Benilda Capule said: "He and Anne are just so made for each other. They're one of the other half. I've never seen a couple so compatible."

They "so just love life and life together," she added.

Capule and his sisters, who came to the U.S. from the Philippines when they were children, were also very close. The two sisters had, within recent years, celebrated their 50th birthdays, and the family was planning a big bash for Capule's 50th in July, with high school, college, work and trivia league pals.

The gathering will now likely be a memorial, Starkweather said. "There are a lot of people who are grieving over this."

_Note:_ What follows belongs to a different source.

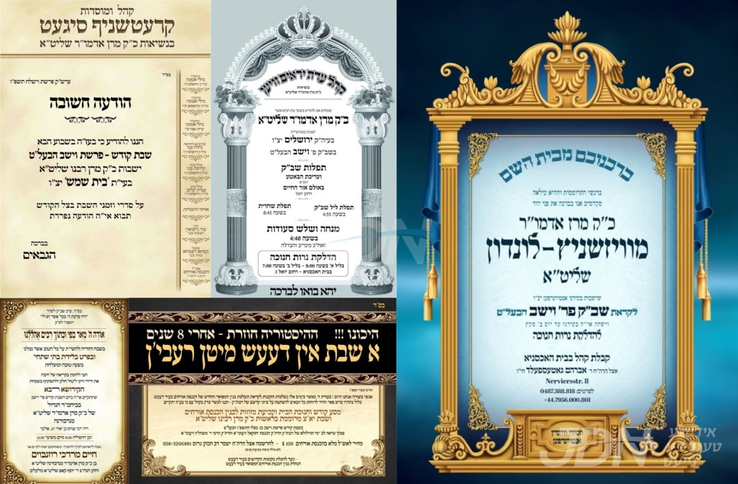 דעם שבת קומט פאר די שמחת הקידושא רבא פון א אייניקל ביי כ"ק אדמו"ר מנדבורנא אלעד שליט"א, איידעם ביי כ"ק אדמו"ר מחוסט שליט"א פון וומס"ב, א טאכטער פון זיין זון הרב חיים מרדכי ראזענבוים שליט"א, איידעם ביי הגה"צ ר' יוסף קאפף שליט"א מלעלוב בראנוביץ. – די שמחה קומט פאר אין נדבורנא ביהמ"ד אין אלעד.

During a virtual memorial held for Capule by his colleagues, almost everyone shared a story about a time Capule helped them out or made them feel at ease.

One man, who had recently moved from India to the U.S. with his family without a way to or any idea how to get around, said Capule not only helped him navigate the area but also lent him his car.

Other co-workers said that if they were late to meetings, Capule would discreetly fill them in. And others shared stories about feeling out of place or a little lost until they met Capule.

"Chad was easy to be with, naturally empathetic ... and he was able to bring different groups of people together in a way that not a lot of people can do," Starkweather said. "I just wish he could have heard all of the wonderful things that people are saying about him."

Benilda Capule is still trying to process the abrupt loss of someone who was so full of life. "One day, they're getting better like my brother, and the next day, next thing you know, he needs to be sedated and things turn bad," she said. "They just treat people or do testing when it's too late."

"I really wish I could be Doctor Who," said the mourning sister, reminiscing about the hours of British TV she enjoyed with her little brother. "And go back in time and save him."